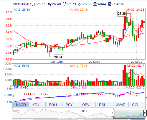 | 今 開: | 26.11 | 成交量: | 4843手 | 振 幅: | 2.93% |
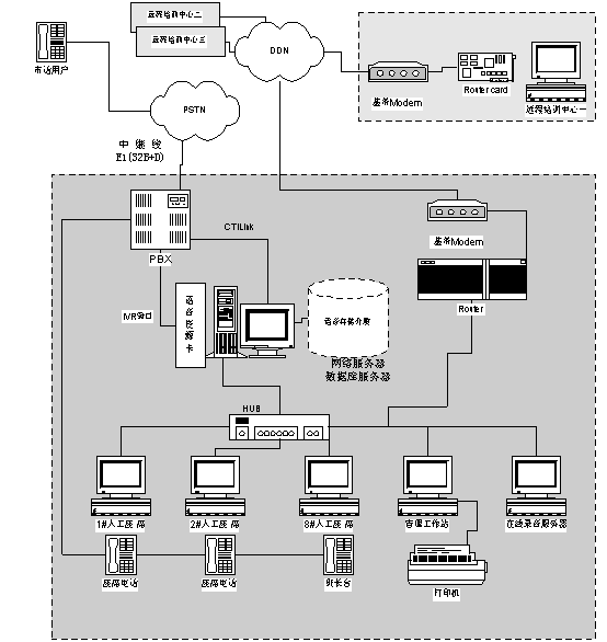 北京強(qiáng)訊恒通網(wǎng)絡(luò)技術(shù)公司通過(guò)利用該學(xué)院現(xiàn)有的計(jì)算機(jī)局域網(wǎng),根據(jù)該學(xué)院業(yè)務(wù)需求專(zhuān)門(mén)為800服務(wù)熱線設(shè)立了一組服務(wù)座席,每個(gè)座席都有座席電腦。所有撥打800熱線的電話(huà)通過(guò)CTI服務(wù)器的ACD系統(tǒng)分配到服務(wù)組最適合的座席。如該服務(wù)組暫時(shí)沒(méi)有空閑座席,則語(yǔ)音提示用戶(hù)等待并播放音樂(lè),一旦有座席空閑則自動(dòng)將該用戶(hù)電話(huà)轉(zhuǎn)接到空閑座席。當(dāng)有外線進(jìn)來(lái)接通到某個(gè)座席時(shí),系統(tǒng)自動(dòng)彈出該電話(huà)用戶(hù)的客戶(hù)資料。
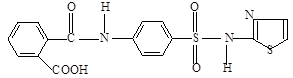 3) Фталазол или 2-(пара-фталаминобензосульфамидо)-тиазол. Это белый с желтоватым оттенком порошок, нерастворимый в воде. Применяют при дизентерии, колитах, гарстроэнтеритах, при оперативных вмешательствах на кишечнике, для предупреждения гнойных осложнений.
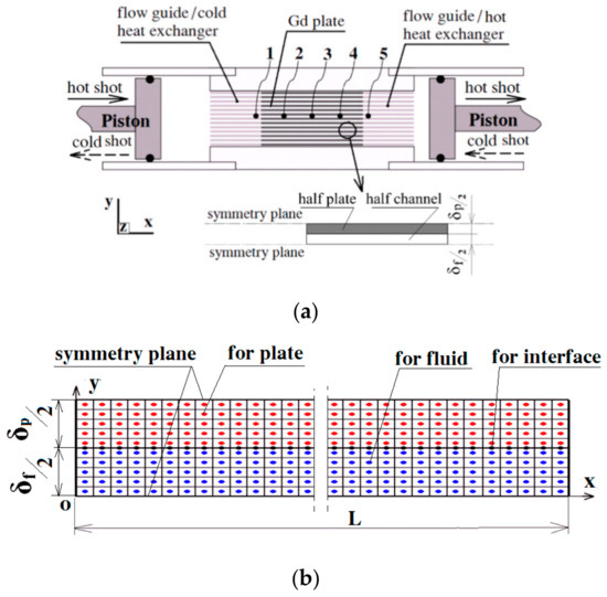 Figure 1a depicts the reciprocating magnetic refrigeration apparatus of Gd plates studied by the Risø DTU [19,26]. In their apparatus, the thickness (δp) and streamwise length (L) of the Gd plates were 40 mm of 0.9 mm, respectively, and the channel width, or the gap, between two adjacent plates (δf) was 0.8 mm. Five thermocouples were arranged to measure the fluid temperatures and the temperature span (∆THC) was determined by the subtraction of the 5th and 1st thermocouples under the no load condition. During the hot (or cold) blow, the two pistons on the two ends of the apparatus moved synchronously towards the right (or the left). The magnetic field (μ0H) at the center of the pole gap was ~1.0 T, while the average field in the “out of field” position was ~0.16 T due to the stray field of the electromagnet [19].
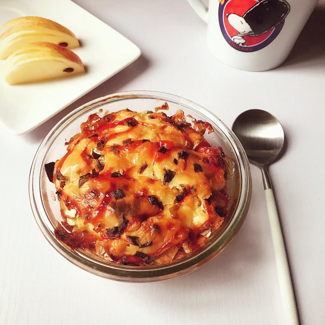 咸的也好吃,稍微过了点,但也没事。和葱香面包一样,挤了沙拉酱番茄酱,洒了葱花,炒鸡香!∠( ᐛ 」∠)_ #早餐•201...
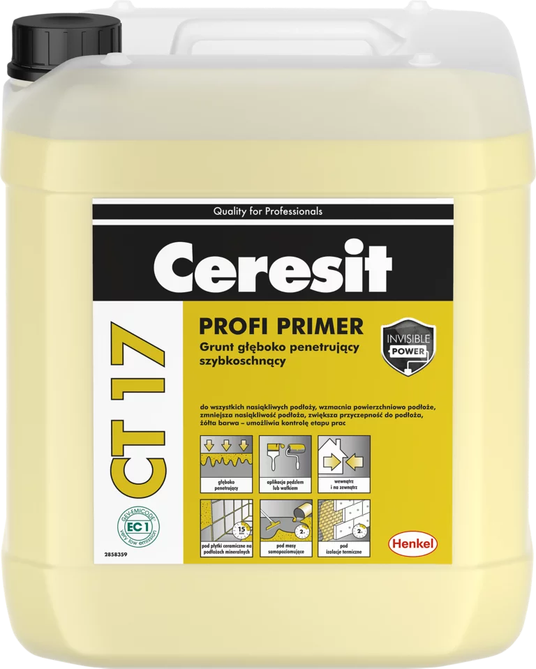 Ceresit CT 17 TRANSPARENT, 5 l, grunt głęboko penetrujący, szybkoschnący do powierzchniowego wzmacniania wszystkich nasiąkliwych podłoży, przyśpieszający pracę, bezbarwny po wyschnięciu
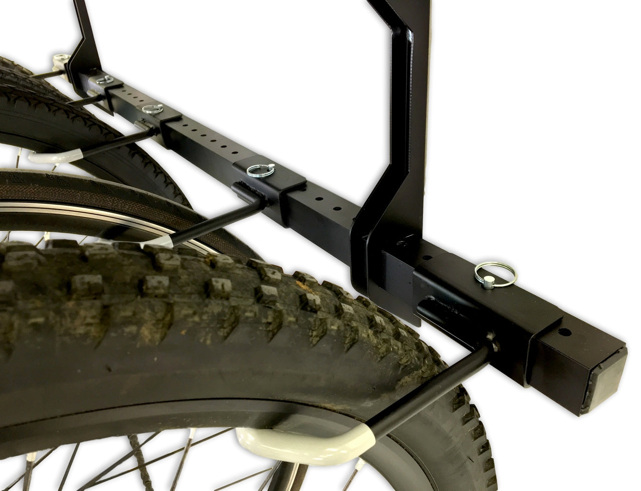 What bikes will it hold? The wheel hooks are each 5cm wide by 12cm deep to accommodate bikes of nearly any size - standard road bikes, mountain bikes, and beach bikes - we do not recommend this rack for fat tire bikes. Hang your bikes by the front wheel using the rubber-coated hook to provide a gentle, secure grip on your bike's rim. Each attachment can hold up to 20kg, 5 attachments for a total of 100kg
..........
# Task statement
Include the first line of the records, the line containing "3) Фталазол или", and every line between them, repeated exactly. Skip the pictures.

# Expected answer
 | 今 開: | 26.11 | 成交量: | 4843手 | 振 幅: | 2.93% |
 北京強(qiáng)訊恒通網(wǎng)絡(luò)技術(shù)公司通過(guò)利用該學(xué)院現(xiàn)有的計(jì)算機(jī)局域網(wǎng),根據(jù)該學(xué)院業(yè)務(wù)需求專(zhuān)門(mén)為800服務(wù)熱線設(shè)立了一組服務(wù)座席,每個(gè)座席都有座席電腦。所有撥打800熱線的電話(huà)通過(guò)CTI服務(wù)器的ACD系統(tǒng)分配到服務(wù)組最適合的座席。如該服務(wù)組暫時(shí)沒(méi)有空閑座席,則語(yǔ)音提示用戶(hù)等待并播放音樂(lè),一旦有座席空閑則自動(dòng)將該用戶(hù)電話(huà)轉(zhuǎn)接到空閑座席。當(dāng)有外線進(jìn)來(lái)接通到某個(gè)座席時(shí),系統(tǒng)自動(dòng)彈出該電話(huà)用戶(hù)的客戶(hù)資料。
 3) Фталазол или 2-(пара-фталаминобензосульфамидо)-тиазол. Это белый с желтоватым оттенком порошок, нерастворимый в воде. Применяют при дизентерии, колитах, гарстроэнтеритах, при оперативных вмешательствах на кишечнике, для предупреждения гнойных осложнений.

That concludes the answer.